System prompts for LLMs don’t just specify what the model should do – they also include safeguards that establish boundaries for what the model should not do. “Jailbreaking,” a conventional concept in software systems where hackers reverse engineer systems and exploit vulnerabilities to conduct privilege escalation, has emerged as the main attack vector to bypass these safeguards and elicit harmful content from Large Language Models (LLMs).

Differentiating Between Prompt Injection & Jailbreaking

While the phrases “prompt injection” and “jailbreaking” are often used interchangeably, they are not the same thing – “Prompt injection” involves manipulating model responses through specific inputs to alter its behavior, while jailbreaking is a severe form of prompt injection where the attacker specifically aims to make the model disregard its safety protocols entirely.
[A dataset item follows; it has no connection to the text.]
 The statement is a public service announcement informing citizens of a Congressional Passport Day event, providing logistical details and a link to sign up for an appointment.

The key distinction is that standard prompt injections typically seek to steer the model toward producing harmful or incorrect outputs within a single query, whereas jailbreaking attempts to completely dismantle a model’s safety mechanisms.

In practice, these techniques are often related – prompt injections can be used as a method to jailbreak an LLM, and successful jailbreaking tactics can clear the path for subsequent prompt injections by removing the safeguards that would normally prevent them.
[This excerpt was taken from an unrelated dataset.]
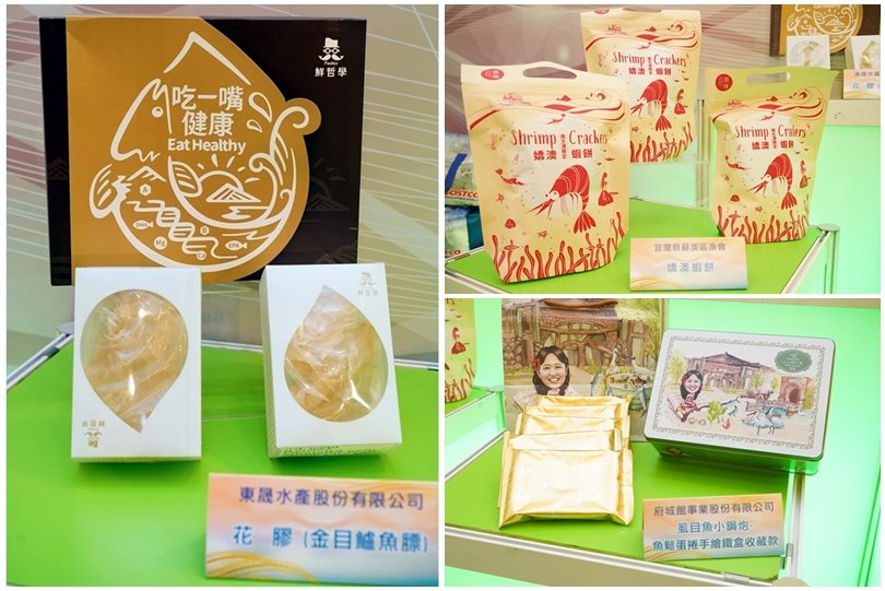 ▼像是東晟水產的花膠(金目鱸魚膘)、宜蘭縣蘇澳區漁會的嬌澳蝦餅、府城館事業的虱目魚小鋼炮-魚鬆蛋捲手繪鐵盒收藏款,就包裝上來說真的讓人眼睛一亮呢!
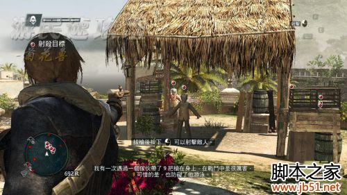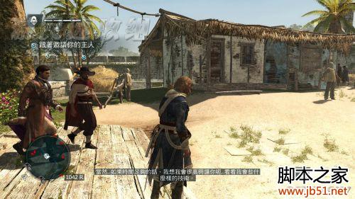 获得新武器——袖剑。刺客信条的标志性装备,从初代到第四正统续作,一直在对各方面进行修改,只有袖剑……只有它是恒久不变的。接下来要进行袖剑训练,分为几个阶段,第一阶段,随便杀一个稻草人就行了。第二阶段,进入草垛杀掉面前的目标。第三阶段,站到右边的那几个农民中间隐匿,然后杀掉身前的目标。第四阶段,爬到屋顶上然后从上方刺杀目标。跟朱利安对话,一边走一边说话……搞笑的是,罗杰斯之前提到过他老婆见过邓肯,所以爱德华对他老婆比较上心。

AI Jailbreaking Attack Approaches

Generally, jailbreaking attacks are organized into either of two approaches, referred to as “classes of attacks” – prompt-level jailbreaks, or token-level jailbreaks. While both approaches have been shown to bypass LLM alignment guardrails, they operate at different levels of abstraction and exploit different LLM system vulnerabilities.

What Is A “Prompt-level” Jailbreak?

Prompt-level jailbreaks are human-crafted adversarial inputs designed to bypass the safety mechanisms of large language models. These attacks exploit vulnerabilities in how models process natural-language instructions, working at the interface layer rather than targeting the underlying architecture, and they rely on social-engineering-based, semantically meaningful, prompts that elicit objectionable content from LLMs by leveraging linguistic creativity rather than automated optimization. Common prompt-level strategies include role-playing scenarios where the LLM pretends to be an entity engaging in a “game” that creates a context for ignoring restrictions and hypothetical framing that presents harmful requests as purely theoretical.
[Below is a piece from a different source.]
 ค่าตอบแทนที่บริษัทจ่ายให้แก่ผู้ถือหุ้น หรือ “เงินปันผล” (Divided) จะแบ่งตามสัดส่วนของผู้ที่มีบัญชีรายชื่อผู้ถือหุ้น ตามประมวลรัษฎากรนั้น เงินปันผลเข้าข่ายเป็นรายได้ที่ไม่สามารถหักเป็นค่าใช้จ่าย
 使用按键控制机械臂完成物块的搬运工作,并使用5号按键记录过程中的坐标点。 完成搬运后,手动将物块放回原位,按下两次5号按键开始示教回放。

What Is A “Token-level” Jailbreak?

Token-level jailbreaks are automated adversarial attacks that manipulate individual tokens in an input to bypass LLM safety mechanisms. Unlike prompt-level jailbreaks, which use human-crafted natural language, token-level attacks operate at a more fundamental level of the model’s processing pipeline and optimize inputs algorithmically to exploit how models interpret sequences of characters. These sophisticated attacks typically involve algorithmic token manipulation, rather than linguistic creativity. Key mechanisms include token optimization, sparse token manipulation, and exploitation of special characters or token boundaries, and token-level jailbreaks often exploit the boundaries between tokens, find blind spots in the model’s training data, or manipulate character representations that produce unexpected behaviors when processed.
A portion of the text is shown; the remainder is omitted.